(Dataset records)
= = = =

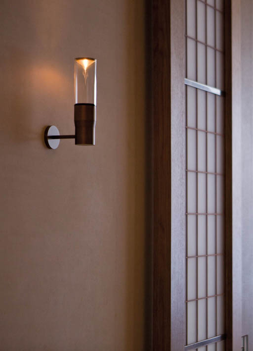 consisting of a splayed cylindrical body and a transparent pyrex cylindrical glass which is closed by means of a reflecting brass cone, with wall fixing plate diameter Ø65mm.
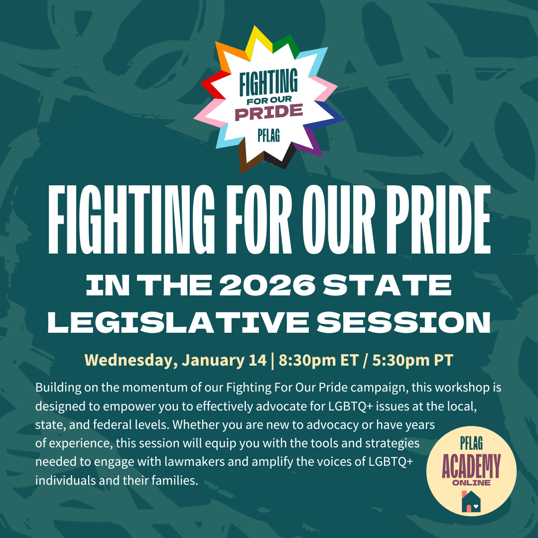 2025 has been one of the most challenging and difficult years for LGBTQ+ people since PFLAG’s inception. From legislative attacks on transgender youth to rollbacks of hard-won protections, the community and our families have been tested in ways we haven’t seen in generations. And here’s another unfortunate reality: As a direct result of anti-DEIA efforts from the Trump administration, we saw a massive decrease in funding from our philanthropic partners, leaving us with a $1.3 million gap in our budget. The challenges we face aren’t going away, but with your support, neither will we. We will continue showing up, creating caring, just, and affirming communities and families across the country. Your tax-deductible gift—whether it’s $25, $100, or whatever feels right for you—ensures we have the resources to keep going at a time when the stakes have never been higher. Will you join us? Together we’re stronger than any challenge we face and we’ll continue the fight in 2026 and beyond with your support and commitment. Give today! |
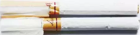真品商標(biāo)紙采用銅版紙,凹印印刷,正面“長過濾嘴香煙”字體邊緣有明顯的鋸齒狀,“利群”字體筆畫較粗;假煙商標(biāo)紙采用高清掃描仿制膠印印刷,正面“長過濾嘴香煙”字體邊緣較光滑無鋸齒狀,“利群”字體筆畫明顯偏細(xì),商標(biāo)紙印刷工藝與真品特征存在明顯差異。(左真右假)
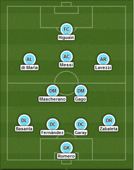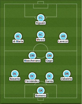 Argentina (4-3-3): Romero; Zabaleta, Garay, Fernandez, Basanta; Gago, Mascherano, Di Maria; Lavezzi, Messi, Higuain.
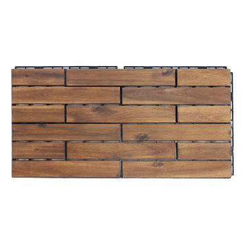 Forny uteplassen din med disse elegante terrassebrikker i akasie. Med en bredde på 30 centimeter og en lengde på 60 centimeter er balkongplatene perfekte for å skape en jevn og vakker overflate på balkongen, terrassen eller i hagen din. Akasie er en robust og holdbar tresort som gir en naturlig og varm følelse til utemiljøet ditt. Disse trallflisene er enkle å montere og kan raskt forvandle uterommet ditt til et innbydende sted for avslapning og sosialisering. Med sitt tidløse design passer de inn i alle typer miljøer og stiler!
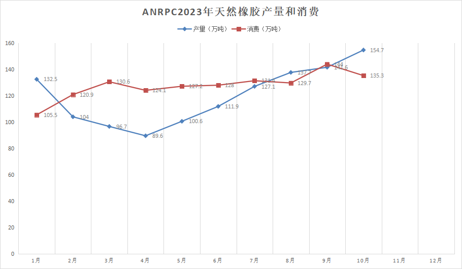 橡胶期货在14100附近震荡,天然乳胶现货价格比较稳定:泰华THR桶装11600元/吨,黄春发桶装11700元/吨;泰华THR散装(太空包)10200元/吨,黄春发散装(太空包)10300元/吨。ANRPC发布了2023年10月全球天然橡胶报告预测,10月全球天然橡胶产量料增5.3%至154.7万吨,较上月增加9.2%;天然橡胶消费量料降0.8%至135.3万吨,较上月下降0.6%。2023年全球天然橡胶产量料同比增加2.3%至1492.7万吨。其中,泰国增2.5%、印尼增1.8%、中国降1.9%、印度增3.8%、越南增4.1%、马来西亚降2.9%、其他国家增2.8%。2023年全球天然橡胶消费量料同比增0.2%至1557.5万吨。其中,中国增3.5%、印度增5.7%、泰国降26%、马来西亚增5.8%、越南增0.2%、其他国家增0.6%。从ANRPC公布的数据来看,自从4月份后,全球天然橡胶的产量每个月都在增长,从4月的89.6万吨增长到了10月份的154.7万吨,连续增长半年。而且ANRPC数据预计今年产量依旧增长2%。ANRPC的数据跟各国的分数据似乎有点差异,也不知道是统计口径不一样。从各国的数据来看,泰国、印尼的产量都在下降。今年泰国前三季度产量下降2.1%,天然橡胶产量319万吨,低于去年同期的326万吨。而印尼前三季度天然橡胶,加上混合胶同比下降高达18%了。ANRPC公布的消费数据来看,今年比较平稳,起伏都不大,每个月都比较稳定,这说明今年全球的需求波动不大,而变量在于产量。也就是说,如果价格出现变化,主要在于产量,因为供需稳定的话,价格一般也比较稳定,不会出现太大的波动。所以今年价格变化主导在于供应端。但如果按照ANRPC的统计数据来看,需求不变,供应增长,价格应该出现下降,不过今年9、10月份价格一度大幅上涨。只能说数据跟市场实际出现了一定的偏差。以上纯属个人分析,不构成投资建议,投资者据此投资,投资风险自我承担。

= = = =

Problem to solve - Repeat all entries exactly, pictures excluded.

Exercise solution -
 consisting of a splayed cylindrical body and a transparent pyrex cylindrical glass which is closed by means of a reflecting brass cone, with wall fixing plate diameter Ø65mm.
 2025 has been one of the most challenging and difficult years for LGBTQ+ people since PFLAG’s inception. From legislative attacks on transgender youth to rollbacks of hard-won protections, the community and our families have been tested in ways we haven’t seen in generations. And here’s another unfortunate reality: As a direct result of anti-DEIA efforts from the Trump administration, we saw a massive decrease in funding from our philanthropic partners, leaving us with a $1.3 million gap in our budget. The challenges we face aren’t going away, but with your support, neither will we. We will continue showing up, creating caring, just, and affirming communities and families across the country. Your tax-deductible gift—whether it’s $25, $100, or whatever feels right for you—ensures we have the resources to keep going at a time when the stakes have never been higher. Will you join us? Together we’re stronger than any challenge we face and we’ll continue the fight in 2026 and beyond with your support and commitment. Give today! |
真品商標(biāo)紙采用銅版紙,凹印印刷,正面“長過濾嘴香煙”字體邊緣有明顯的鋸齒狀,“利群”字體筆畫較粗;假煙商標(biāo)紙采用高清掃描仿制膠印印刷,正面“長過濾嘴香煙”字體邊緣較光滑無鋸齒狀,“利群”字體筆畫明顯偏細(xì),商標(biāo)紙印刷工藝與真品特征存在明顯差異。(左真右假)
 Argentina (4-3-3): Romero; Zabaleta, Garay, Fernandez, Basanta; Gago, Mascherano, Di Maria; Lavezzi, Messi, Higuain.
 Forny uteplassen din med disse elegante terrassebrikker i akasie. Med en bredde på 30 centimeter og en lengde på 60 centimeter er balkongplatene perfekte for å skape en jevn og vakker overflate på balkongen, terrassen eller i hagen din. Akasie er en robust og holdbar tresort som gir en naturlig og varm følelse til utemiljøet ditt. Disse trallflisene er enkle å montere og kan raskt forvandle uterommet ditt til et innbydende sted for avslapning og sosialisering. Med sitt tidløse design passer de inn i alle typer miljøer og stiler!
 橡胶期货在14100附近震荡,天然乳胶现货价格比较稳定:泰华THR桶装11600元/吨,黄春发桶装11700元/吨;泰华THR散装(太空包)10200元/吨,黄春发散装(太空包)10300元/吨。ANRPC发布了2023年10月全球天然橡胶报告预测,10月全球天然橡胶产量料增5.3%至154.7万吨,较上月增加9.2%;天然橡胶消费量料降0.8%至135.3万吨,较上月下降0.6%。2023年全球天然橡胶产量料同比增加2.3%至1492.7万吨。其中,泰国增2.5%、印尼增1.8%、中国降1.9%、印度增3.8%、越南增4.1%、马来西亚降2.9%、其他国家增2.8%。2023年全球天然橡胶消费量料同比增0.2%至1557.5万吨。其中,中国增3.5%、印度增5.7%、泰国降26%、马来西亚增5.8%、越南增0.2%、其他国家增0.6%。从ANRPC公布的数据来看,自从4月份后,全球天然橡胶的产量每个月都在增长,从4月的89.6万吨增长到了10月份的154.7万吨,连续增长半年。而且ANRPC数据预计今年产量依旧增长2%。ANRPC的数据跟各国的分数据似乎有点差异,也不知道是统计口径不一样。从各国的数据来看,泰国、印尼的产量都在下降。今年泰国前三季度产量下降2.1%,天然橡胶产量319万吨,低于去年同期的326万吨。而印尼前三季度天然橡胶,加上混合胶同比下降高达18%了。ANRPC公布的消费数据来看,今年比较平稳,起伏都不大,每个月都比较稳定,这说明今年全球的需求波动不大,而变量在于产量。也就是说,如果价格出现变化,主要在于产量,因为供需稳定的话,价格一般也比较稳定,不会出现太大的波动。所以今年价格变化主导在于供应端。但如果按照ANRPC的统计数据来看,需求不变,供应增长,价格应该出现下降,不过今年9、10月份价格一度大幅上涨。只能说数据跟市场实际出现了一定的偏差。以上纯属个人分析,不构成投资建议,投资者据此投资,投资风险自我承担。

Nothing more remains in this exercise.